== Task description ==
Write out each record exactly and skip every image.

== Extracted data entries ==
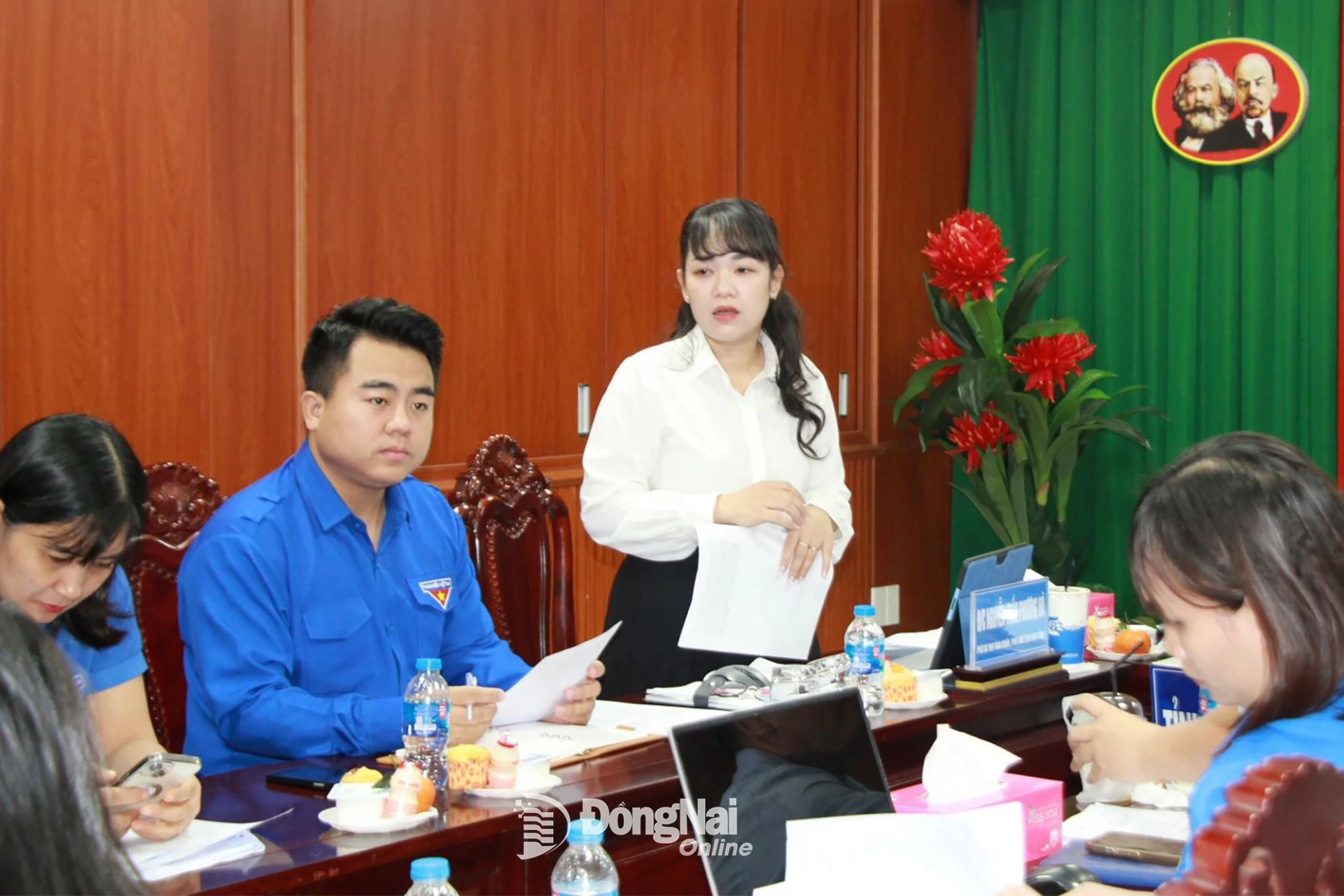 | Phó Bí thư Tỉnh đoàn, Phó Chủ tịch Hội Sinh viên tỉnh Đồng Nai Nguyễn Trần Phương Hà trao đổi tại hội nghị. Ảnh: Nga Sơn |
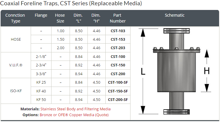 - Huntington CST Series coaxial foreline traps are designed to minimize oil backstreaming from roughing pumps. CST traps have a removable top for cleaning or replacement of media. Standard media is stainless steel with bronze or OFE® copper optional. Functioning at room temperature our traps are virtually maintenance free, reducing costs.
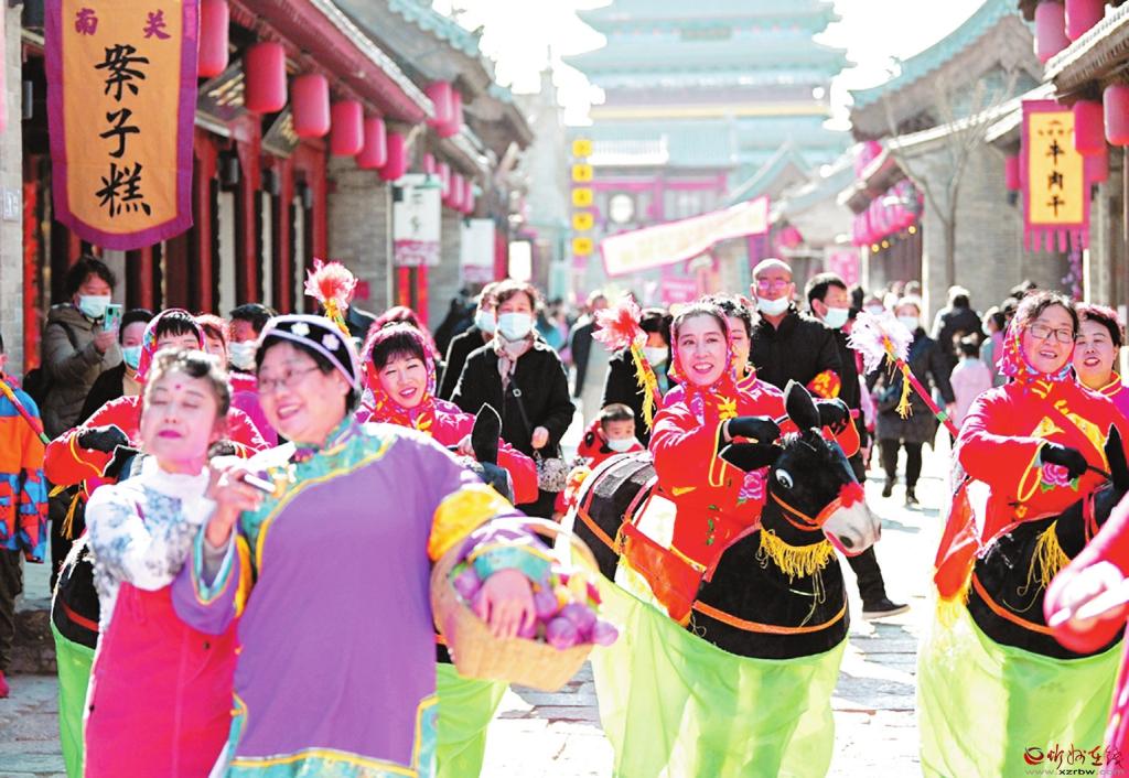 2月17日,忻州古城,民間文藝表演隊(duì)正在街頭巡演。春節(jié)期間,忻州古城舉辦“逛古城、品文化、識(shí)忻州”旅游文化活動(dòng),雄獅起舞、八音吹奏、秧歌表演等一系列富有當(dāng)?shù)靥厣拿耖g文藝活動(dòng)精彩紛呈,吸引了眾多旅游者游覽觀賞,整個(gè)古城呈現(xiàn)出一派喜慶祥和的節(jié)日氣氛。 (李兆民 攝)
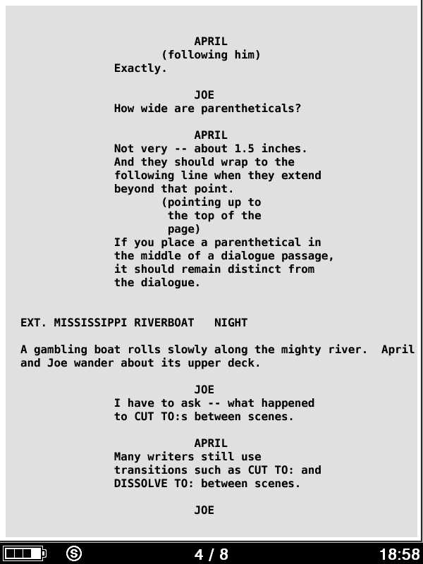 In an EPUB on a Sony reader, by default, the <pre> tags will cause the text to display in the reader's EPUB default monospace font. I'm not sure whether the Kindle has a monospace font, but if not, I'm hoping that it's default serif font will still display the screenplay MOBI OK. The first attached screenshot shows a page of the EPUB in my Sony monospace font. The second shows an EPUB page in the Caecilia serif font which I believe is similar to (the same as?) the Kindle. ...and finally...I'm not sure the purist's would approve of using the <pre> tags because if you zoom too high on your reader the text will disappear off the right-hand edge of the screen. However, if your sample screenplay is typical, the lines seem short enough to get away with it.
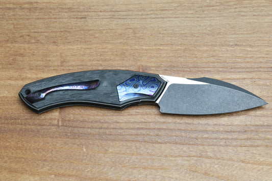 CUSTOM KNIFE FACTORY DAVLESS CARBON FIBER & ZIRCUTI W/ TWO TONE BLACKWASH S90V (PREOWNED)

== Task answer ==
 | Phó Bí thư Tỉnh đoàn, Phó Chủ tịch Hội Sinh viên tỉnh Đồng Nai Nguyễn Trần Phương Hà trao đổi tại hội nghị. Ảnh: Nga Sơn |
 - Huntington CST Series coaxial foreline traps are designed to minimize oil backstreaming from roughing pumps. CST traps have a removable top for cleaning or replacement of media. Standard media is stainless steel with bronze or OFE® copper optional. Functioning at room temperature our traps are virtually maintenance free, reducing costs.
 2月17日,忻州古城,民間文藝表演隊(duì)正在街頭巡演。春節(jié)期間,忻州古城舉辦“逛古城、品文化、識(shí)忻州”旅游文化活動(dòng),雄獅起舞、八音吹奏、秧歌表演等一系列富有當(dāng)?shù)靥厣拿耖g文藝活動(dòng)精彩紛呈,吸引了眾多旅游者游覽觀賞,整個(gè)古城呈現(xiàn)出一派喜慶祥和的節(jié)日氣氛。 (李兆民 攝)
 In an EPUB on a Sony reader, by default, the <pre> tags will cause the text to display in the reader's EPUB default monospace font. I'm not sure whether the Kindle has a monospace font, but if not, I'm hoping that it's default serif font will still display the screenplay MOBI OK. The first attached screenshot shows a page of the EPUB in my Sony monospace font. The second shows an EPUB page in the Caecilia serif font which I believe is similar to (the same as?) the Kindle. ...and finally...I'm not sure the purist's would approve of using the <pre> tags because if you zoom too high on your reader the text will disappear off the right-hand edge of the screen. However, if your sample screenplay is typical, the lines seem short enough to get away with it.
 CUSTOM KNIFE FACTORY DAVLESS CARBON FIBER & ZIRCUTI W/ TWO TONE BLACKWASH S90V (PREOWNED)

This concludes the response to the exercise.